My sheep listen to my voice; I know them, and they follow me. I give them eternal life, and they will never perish. No one can snatch them away from me, for my Father has given them to me, and he is more powerful than anyone else. No one can snatch them from the Father’s hand. The Father and I are one.”
Once again they tried to arrest him, but he got away and left them.
O: Jesus teaches such a beautiful, amazingly glorious thing here: that His sheep can know Him the same way He knows His Father. He boldly declares His love for His sheep, and just how close to them He will be if they let Him.
And yet, in that last verse, I can see how ordinary He might've seemed to the Jews. Can you see Him, hot-footin' it away from the authorities?
A: I could be so, SO much closer to Jesus. So much closer to The Father.
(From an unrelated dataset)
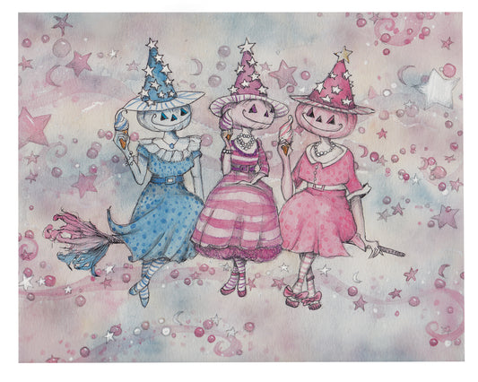 Pumpkin Girls Prints Spooky Art Decor, Halloween Decor Witchy Friends, Decor Vintage Halloween Painting Vintage Witch Wall Art

I think, even now, the ordinariness of what it takes to really do that is the very thing that keeps me from it. I haven't yet really grasped the sanctity of the mundane. Or maybe I just haven't turned my heart to my God enough in my mundanity.
I think one of the Jews' biggest obstacles was Jesus' own ordinariness.
P: Father, gently help me remember to turn to You in all things. Show me how to see things Your way. Show me how to walk in the footsteps of Jesus. In His Holy name, amen.